La paloma se escapa. Vuelve de regreso en su camino, como loca, justo adonde la zapatería. Se da un portazo y cae. Lula chifla, pero la paloma no la escucha. Hay música muy alta por doquier. Cubaneo. Lula ve que no responde. Tampoco ella puede caminar. Tiembla en el mismo sitio. Mira también al árbol de toronja que ha perdido hojas durante el camino. Nunca había estado en semejante situación. Sus ojos llegan a una mesa en un interior de una casa a tres puertas de la zapatería. Solo sus ojos pueden caminar. El reflejo de la luz amarilla en el puerco tostado lo hace saber más rico. La gente baila. Es un mundo distinto.
–Divertirse y gasta sin nada–.
–Eso es lo que todo el mundo viene buscando a este lugar, –¿oíste María?, ¡la vida María!–, gritó alguien con alegría.
Allí está el zapatero. En su casa. Donde los amigos hacen la familia. Observa a Lula a una distancia y al otro a la paloma. –Eso, el chance de hablar–. El zapatero toma el cabello del ángel que adorna el árbol de fantasía y las recoge. El contraste nuevo daba lucidez a la fiesta: un toque de bembé.
La paloma empieza a respirar. Lula entra. Se sienta y observa cómo visten los otros y cuánto ofrecen. También dulce de toronja, arroz blanco y frijol amelcocháo.
Lula empieza a escribir sobre el mantel adornado: “La última vez que apagué todas las velas era 24. No sabía dónde estaba, ni con quién”.
Este cuento pertenece al libro Estrategias de una mujer madura (Edition Hispano America, 2005)
Elvira Rodríguez Puerto
(Foto cortesía de la autora)
ELVIRA RODRÍGUEZ PUERTO nació en La Habana, Cuba, 1964. Es poeta, escritora, fotógrafa y realizadora audiovisual. Ha obtenido, entre los más importantes, los premios literarios Pinos Nuevos de Poesía (Cuba, 1997), Premio Calendario de Narrativa (Cuba, 1998) y el Premio Internacional de Poesía Nosside Caribe (Italia, 2000); así como las Becas de creación artística y literaria Villa Waldberta (Feldafing, LH München, 1999 y 2003), Heinrich Böll Haus Langenbroich (Heinrich Böll Stíftung, 2004) y Elsbeth Wolffheim (de la Ciudad de Darmstadt y el Deutsche P.E.N. Club, 2004-2005).

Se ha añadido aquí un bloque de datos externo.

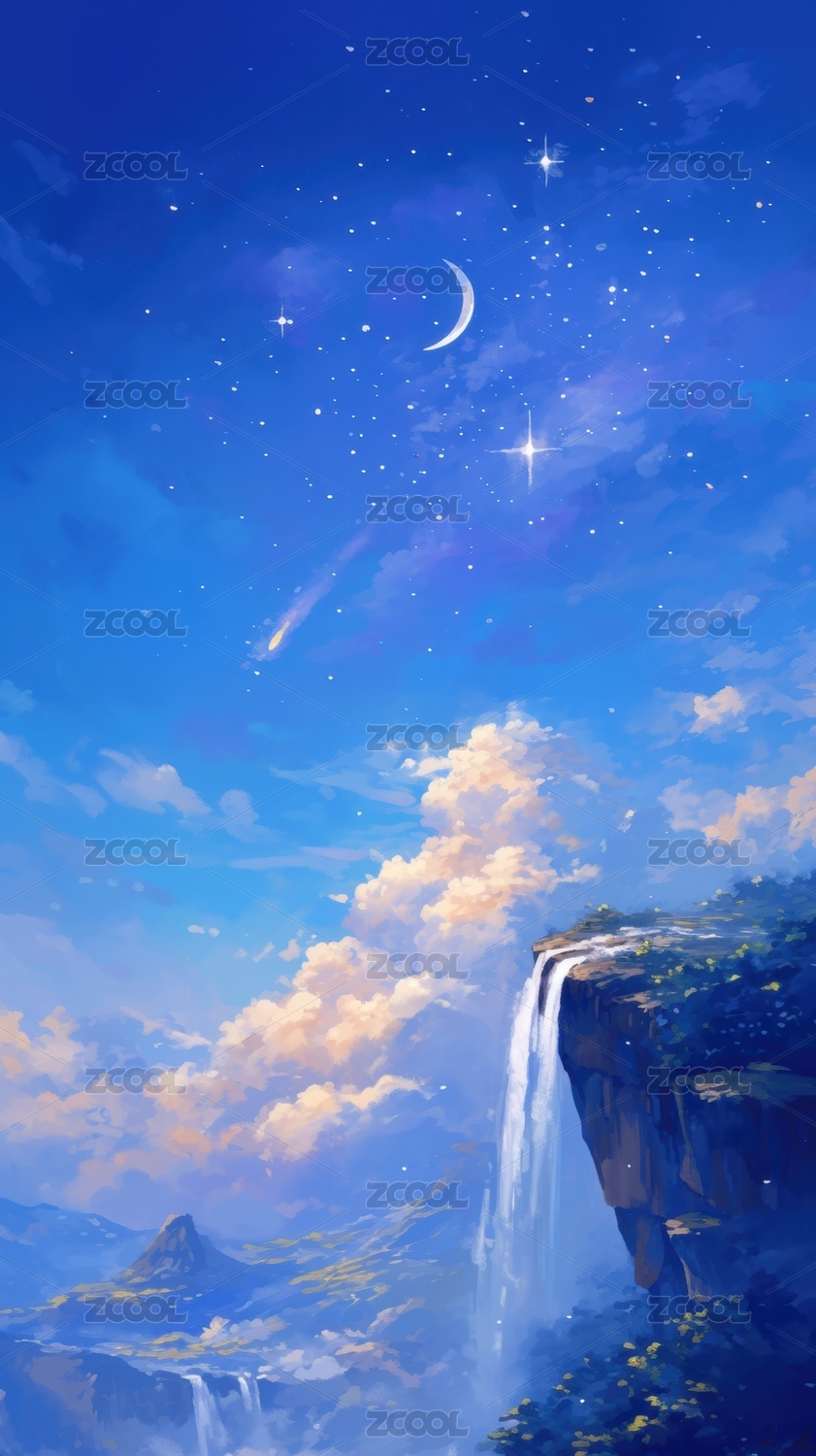 夜景风光唯美瀑布插画

Es fundadora y Jefa Editorial de la Revista Cubana de Hip Hop Movimiento. Es Directora y Productora de cortometrajes y documentales como Annas Claras Lunas, Mimesis, Short Radiography of Hip Hop en Cuba y Paraíso, entre otros. Ha sido seleccionada como Talent Campus en la Berlinale (2003). Entre sus publicaciones destacan: Fragmentos para armar D’Katherine (La Habana, 1997), Deseos Liquidos (La Habana, 1998), La Fuente en la casa del cuento (La Habana, 2002) y Galenas (La Habana, 2003).